Connor Schulman

Personal information
- Born: 2 July 2001 (age 24)

Sport
- Sport: Athletics
- Event: Hurdles

Achievements and titles
- Personal best(s): 60mH: 7.51 (Boston, 2026) 110mH: 13.33 (Austin, 2023)

Medal record
Men's athletics
Representing United States
NACAC U23 Championships
| Gold medal – first place | 2023 San Jose | 110m hurdles |

= Connor Schulman =

American athlete (born 2001)

Connor Schulman (born 2
July 2001) is an American sprint hurdler. He won the gold medal at the NACAC U23 Championships in the 110 metres hurdles.

==Early life==
He attended Rice High School in Altair, Texas where he competed in football, basketball, tennis and track and field. He graduated in 2019, going on to attend Texas A&M University in College Station, to study business and run track, turning down a Division III football scholarship offer.

==Career==
In June 2023, Schulman ran a personal best for the 110 metres hurdles at the 2023 NCAA Outdoor Championships, running 13.33 seconds. Representing the United States, Schulman won the gold medal in the 110 metres hurdles at the 2023 NACAC U23 Championships in San Jose, Costa Rica, finishing ahead of Antoine Andrews of The Bahamas in 13.49 seconds.

Competing for Texas A&M University, in his senior year in 2024, Schulman beat Ja'Qualon Scott to win the men's 60m hurdles in 7.59 seconds, at the Southeastern Conference Indoor Championships in Arkansas, becoming the first SEC champion in program history for the Texas Aggies in the discipline. In March,
he finished fifth in the 60 metres hurdles at the 2024 NCAA Indoor Championships.
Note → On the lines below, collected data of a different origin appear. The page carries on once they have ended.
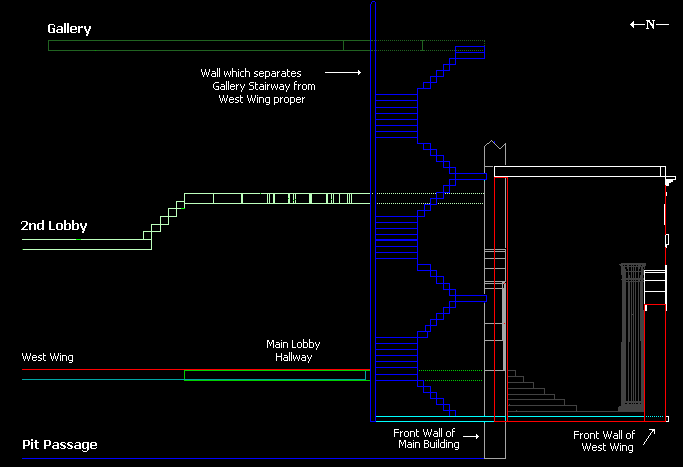 The second view is a section through the west wing, showing the relationship between the gallery stairs and the Main, Second and Gallery lobbies. | ![]() |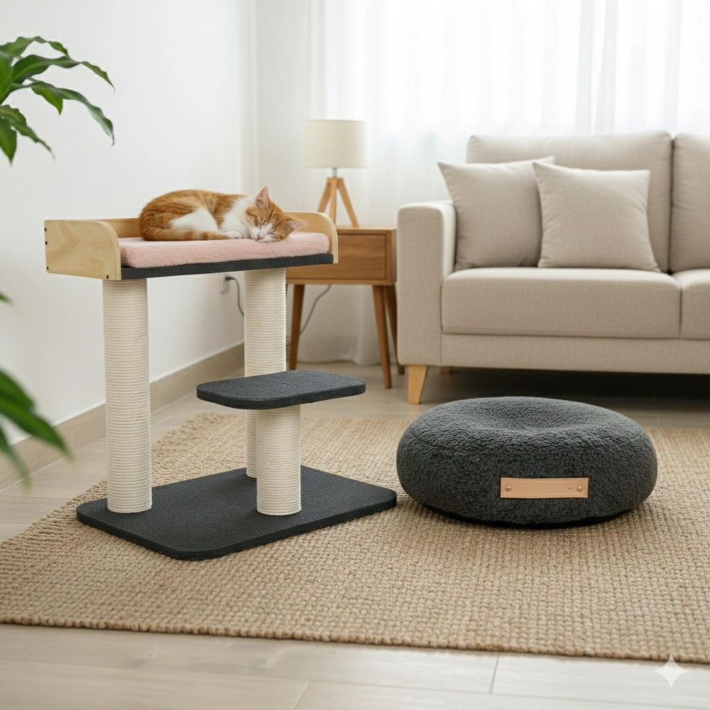 🏠 Cama Amplia en la Cima: En la parte superior, una cama super amplia permite que tu michi se acicale y descanse tranquilo.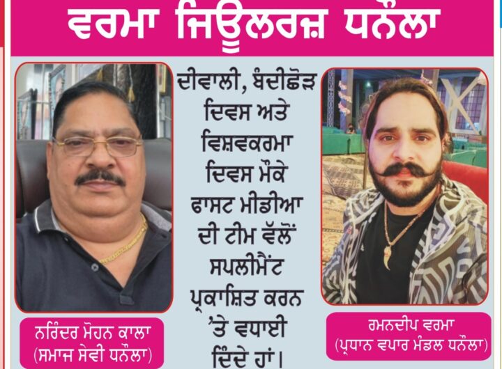 ਸਮੂਹ ਵਪਾਰ ਮੰਡਲ ਧਨੌਲਾ ਅਤੇ ਵਰਮਾ ਪਰਿਵਾਰ ਵੱਲੋਂ ਦੀਵਾਲੀ, ਬੰਦੀ ਛੋੜ ਦਿਵਸ ਅਤੇ ਕਿਰਤ ਦੇ ਦਾਤਾ ਬਾਬਾ...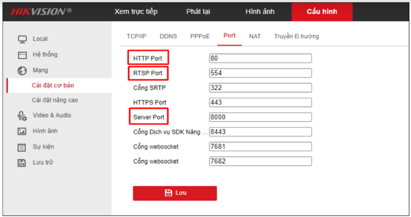 - Cấu hình -> Mạng -> Cài đặt cơ bản -> Port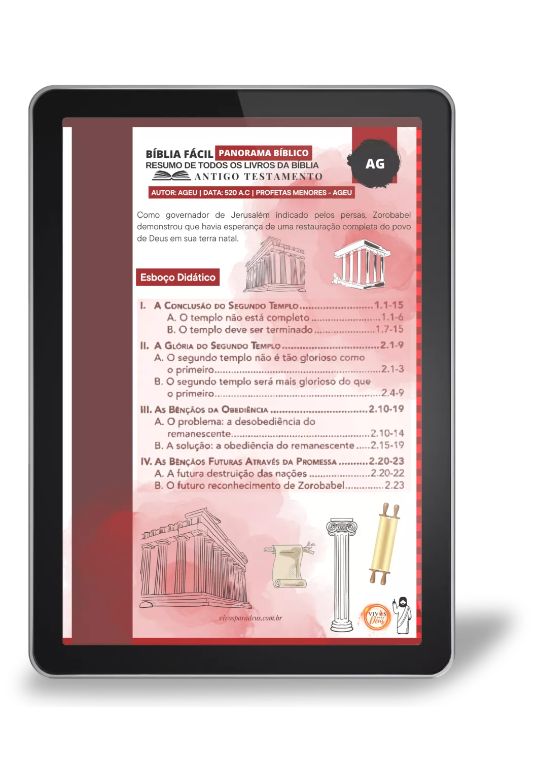 São 102 páginas de conteúdo; Panorama Detalhado, e Esboço Didático livro por livro - Apresentação de cada Livro, Estrutura, Seções, Contexto Histórico, Autoria e Data, Contribuição Teológica, Considerações Especiais, Características Especiais. Estrutura completa da Bíblia - A Bíblia Sagrada, Divisão e Organização da Bíblia, Tema Central da Bíblia, Principais Períodos e Eventos, A Importância da Bíblia, Os Livros da Bíblia, História da Bíblia, Períodos e Épocas.

Schulman was a finalist in the 60 metres hurdles at the 2025 USA Indoor Championships in New York in February. The following January, Schulman equalled his personal best with a time of 7.53 seconds for the 60 metres hurdles at the Corky Classic in Texas. On 24 January 2026, Schulman set a personal best in the 60m hurdles running 7.51 to place second to Trey Cunningham at the Indoor Grand Prix, Boston, in a field featuring 110m hurdles world champion Cordell Tinch. The following week, he placed second to Tinch at the Millrose Games in 7.57 seconds. He was a finalist in the 60 metres hurdles at the 2026 USA Indoor Track and Field Championships in New York. In May, he equalled his personal best 13.33 for the 110 metres hurdles at the Golden Grand Prix in Tokyo.